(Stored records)

::::

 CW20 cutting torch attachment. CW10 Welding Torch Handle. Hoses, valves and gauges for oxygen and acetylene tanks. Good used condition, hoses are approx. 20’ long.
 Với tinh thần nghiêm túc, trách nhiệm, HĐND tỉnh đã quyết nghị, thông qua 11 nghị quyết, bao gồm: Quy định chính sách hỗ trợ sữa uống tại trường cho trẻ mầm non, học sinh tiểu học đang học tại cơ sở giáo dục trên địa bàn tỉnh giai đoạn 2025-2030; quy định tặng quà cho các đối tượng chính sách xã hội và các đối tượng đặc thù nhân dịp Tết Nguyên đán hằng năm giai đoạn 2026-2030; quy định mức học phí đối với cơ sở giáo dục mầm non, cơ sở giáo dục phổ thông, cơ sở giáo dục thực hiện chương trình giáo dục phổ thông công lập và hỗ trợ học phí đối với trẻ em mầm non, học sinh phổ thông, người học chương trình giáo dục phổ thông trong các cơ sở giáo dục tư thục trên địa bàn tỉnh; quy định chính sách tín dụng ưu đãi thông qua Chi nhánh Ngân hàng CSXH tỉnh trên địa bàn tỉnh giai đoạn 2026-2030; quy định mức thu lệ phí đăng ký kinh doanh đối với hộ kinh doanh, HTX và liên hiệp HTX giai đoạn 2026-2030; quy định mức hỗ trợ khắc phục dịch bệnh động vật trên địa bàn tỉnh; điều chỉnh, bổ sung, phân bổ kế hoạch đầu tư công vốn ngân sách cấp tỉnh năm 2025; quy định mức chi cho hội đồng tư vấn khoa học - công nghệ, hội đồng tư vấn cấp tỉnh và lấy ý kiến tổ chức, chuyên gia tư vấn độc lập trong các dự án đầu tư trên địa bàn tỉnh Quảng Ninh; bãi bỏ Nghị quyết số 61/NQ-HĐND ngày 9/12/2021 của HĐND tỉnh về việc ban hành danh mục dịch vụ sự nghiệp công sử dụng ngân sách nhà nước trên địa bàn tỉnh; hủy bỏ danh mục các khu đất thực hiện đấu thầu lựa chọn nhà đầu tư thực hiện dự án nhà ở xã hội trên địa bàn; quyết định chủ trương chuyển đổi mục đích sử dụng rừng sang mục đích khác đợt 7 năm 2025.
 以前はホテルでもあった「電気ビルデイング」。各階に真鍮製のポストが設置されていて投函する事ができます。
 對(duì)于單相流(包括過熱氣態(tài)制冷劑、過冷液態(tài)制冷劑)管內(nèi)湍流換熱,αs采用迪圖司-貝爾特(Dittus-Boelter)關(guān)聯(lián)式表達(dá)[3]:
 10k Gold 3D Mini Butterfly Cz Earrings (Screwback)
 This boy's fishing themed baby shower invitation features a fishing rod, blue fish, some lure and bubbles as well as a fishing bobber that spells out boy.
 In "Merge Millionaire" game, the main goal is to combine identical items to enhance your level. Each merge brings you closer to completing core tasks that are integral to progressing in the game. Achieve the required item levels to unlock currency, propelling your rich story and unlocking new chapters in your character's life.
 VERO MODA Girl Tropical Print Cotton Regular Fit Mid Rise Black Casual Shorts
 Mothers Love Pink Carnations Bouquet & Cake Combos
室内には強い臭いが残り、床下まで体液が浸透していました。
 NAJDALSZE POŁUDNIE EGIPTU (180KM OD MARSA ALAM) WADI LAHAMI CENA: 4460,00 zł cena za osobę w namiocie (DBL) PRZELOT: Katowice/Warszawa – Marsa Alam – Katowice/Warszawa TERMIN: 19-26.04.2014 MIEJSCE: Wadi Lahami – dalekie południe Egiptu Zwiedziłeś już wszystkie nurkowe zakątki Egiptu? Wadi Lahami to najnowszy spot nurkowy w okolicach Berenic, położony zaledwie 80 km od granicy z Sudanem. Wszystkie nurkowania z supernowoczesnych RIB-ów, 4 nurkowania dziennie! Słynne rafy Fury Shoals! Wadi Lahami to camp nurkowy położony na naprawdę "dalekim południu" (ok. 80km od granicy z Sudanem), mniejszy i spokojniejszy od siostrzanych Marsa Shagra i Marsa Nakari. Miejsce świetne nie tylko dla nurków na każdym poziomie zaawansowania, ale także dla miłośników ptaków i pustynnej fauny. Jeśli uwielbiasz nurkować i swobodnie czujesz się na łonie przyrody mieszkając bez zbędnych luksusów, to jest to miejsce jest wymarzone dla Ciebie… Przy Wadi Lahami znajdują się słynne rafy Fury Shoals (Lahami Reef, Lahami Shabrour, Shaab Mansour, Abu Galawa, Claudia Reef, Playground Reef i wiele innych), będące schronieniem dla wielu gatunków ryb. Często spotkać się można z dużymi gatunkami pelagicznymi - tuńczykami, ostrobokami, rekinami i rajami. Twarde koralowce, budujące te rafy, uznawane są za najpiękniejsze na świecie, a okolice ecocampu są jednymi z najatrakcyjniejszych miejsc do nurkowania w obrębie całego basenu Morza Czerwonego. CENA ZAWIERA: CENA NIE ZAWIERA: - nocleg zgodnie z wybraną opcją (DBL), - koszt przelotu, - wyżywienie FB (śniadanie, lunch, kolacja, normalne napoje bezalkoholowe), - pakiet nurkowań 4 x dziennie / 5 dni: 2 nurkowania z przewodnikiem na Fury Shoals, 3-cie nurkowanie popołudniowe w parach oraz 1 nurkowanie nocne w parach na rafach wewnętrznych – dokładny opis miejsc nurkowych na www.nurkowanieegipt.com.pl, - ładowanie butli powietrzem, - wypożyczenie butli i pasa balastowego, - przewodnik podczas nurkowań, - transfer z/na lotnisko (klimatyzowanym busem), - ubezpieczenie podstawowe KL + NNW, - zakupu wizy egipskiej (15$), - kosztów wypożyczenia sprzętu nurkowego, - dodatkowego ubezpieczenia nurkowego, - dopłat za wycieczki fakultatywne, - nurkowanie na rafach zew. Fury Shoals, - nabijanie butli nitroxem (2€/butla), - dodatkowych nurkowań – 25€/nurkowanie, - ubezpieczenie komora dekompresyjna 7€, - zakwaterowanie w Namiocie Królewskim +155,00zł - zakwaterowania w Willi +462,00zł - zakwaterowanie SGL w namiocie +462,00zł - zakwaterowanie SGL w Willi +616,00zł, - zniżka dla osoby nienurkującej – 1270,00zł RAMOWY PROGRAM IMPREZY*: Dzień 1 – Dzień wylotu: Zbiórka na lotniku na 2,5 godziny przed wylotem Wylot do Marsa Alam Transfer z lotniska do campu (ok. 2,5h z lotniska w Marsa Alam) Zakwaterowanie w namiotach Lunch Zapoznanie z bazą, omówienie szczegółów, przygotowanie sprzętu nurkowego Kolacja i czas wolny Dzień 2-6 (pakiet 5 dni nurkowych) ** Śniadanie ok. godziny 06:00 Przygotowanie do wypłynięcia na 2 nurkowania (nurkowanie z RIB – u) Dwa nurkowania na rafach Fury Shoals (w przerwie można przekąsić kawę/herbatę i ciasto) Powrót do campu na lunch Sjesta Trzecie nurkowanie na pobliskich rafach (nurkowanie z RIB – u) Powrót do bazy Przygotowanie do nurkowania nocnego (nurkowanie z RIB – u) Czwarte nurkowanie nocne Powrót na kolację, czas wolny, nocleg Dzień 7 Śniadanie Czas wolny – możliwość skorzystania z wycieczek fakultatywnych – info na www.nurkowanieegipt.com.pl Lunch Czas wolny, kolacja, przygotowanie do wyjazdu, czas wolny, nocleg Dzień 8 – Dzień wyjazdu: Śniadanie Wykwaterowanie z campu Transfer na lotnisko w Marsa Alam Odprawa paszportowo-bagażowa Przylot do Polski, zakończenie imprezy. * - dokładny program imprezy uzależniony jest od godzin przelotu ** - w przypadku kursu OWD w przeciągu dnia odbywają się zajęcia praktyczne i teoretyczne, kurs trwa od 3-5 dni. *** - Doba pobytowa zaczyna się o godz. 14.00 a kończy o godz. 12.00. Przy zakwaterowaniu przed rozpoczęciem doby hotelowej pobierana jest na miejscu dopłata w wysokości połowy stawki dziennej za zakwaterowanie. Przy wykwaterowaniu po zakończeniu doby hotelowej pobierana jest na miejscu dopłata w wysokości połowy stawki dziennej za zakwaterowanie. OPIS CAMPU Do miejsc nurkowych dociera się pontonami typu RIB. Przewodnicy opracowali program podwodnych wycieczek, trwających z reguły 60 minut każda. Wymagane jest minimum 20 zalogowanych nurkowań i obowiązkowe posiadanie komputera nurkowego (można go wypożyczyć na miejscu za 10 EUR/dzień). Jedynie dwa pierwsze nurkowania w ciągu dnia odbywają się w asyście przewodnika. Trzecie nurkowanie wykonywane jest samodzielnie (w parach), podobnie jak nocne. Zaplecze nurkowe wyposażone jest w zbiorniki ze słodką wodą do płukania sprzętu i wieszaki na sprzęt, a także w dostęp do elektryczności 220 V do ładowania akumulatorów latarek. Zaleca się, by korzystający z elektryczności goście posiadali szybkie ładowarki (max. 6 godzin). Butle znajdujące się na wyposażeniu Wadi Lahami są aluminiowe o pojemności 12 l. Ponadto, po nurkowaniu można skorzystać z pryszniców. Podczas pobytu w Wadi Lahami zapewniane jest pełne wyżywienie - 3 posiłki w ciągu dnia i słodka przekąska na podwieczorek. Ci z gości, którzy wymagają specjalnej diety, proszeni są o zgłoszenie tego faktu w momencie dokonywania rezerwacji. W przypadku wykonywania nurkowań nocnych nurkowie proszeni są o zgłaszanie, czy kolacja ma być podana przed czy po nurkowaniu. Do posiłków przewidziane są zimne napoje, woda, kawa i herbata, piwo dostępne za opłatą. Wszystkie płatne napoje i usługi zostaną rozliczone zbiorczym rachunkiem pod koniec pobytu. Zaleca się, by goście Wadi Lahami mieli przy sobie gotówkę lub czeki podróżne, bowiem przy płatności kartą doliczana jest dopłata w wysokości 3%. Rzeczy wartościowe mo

::::

▶ Assigned task
Find all the lines with "that" in the data and copy them.

▶ Task response
 This boy's fishing themed baby shower invitation features a fishing rod, blue fish, some lure and bubbles as well as a fishing bobber that spells out boy.
 In "Merge Millionaire" game, the main goal is to combine identical items to enhance your level. Each merge brings you closer to completing core tasks that are integral to progressing in the game. Achieve the required item levels to unlock currency, propelling your rich story and unlocking new chapters in your character's life.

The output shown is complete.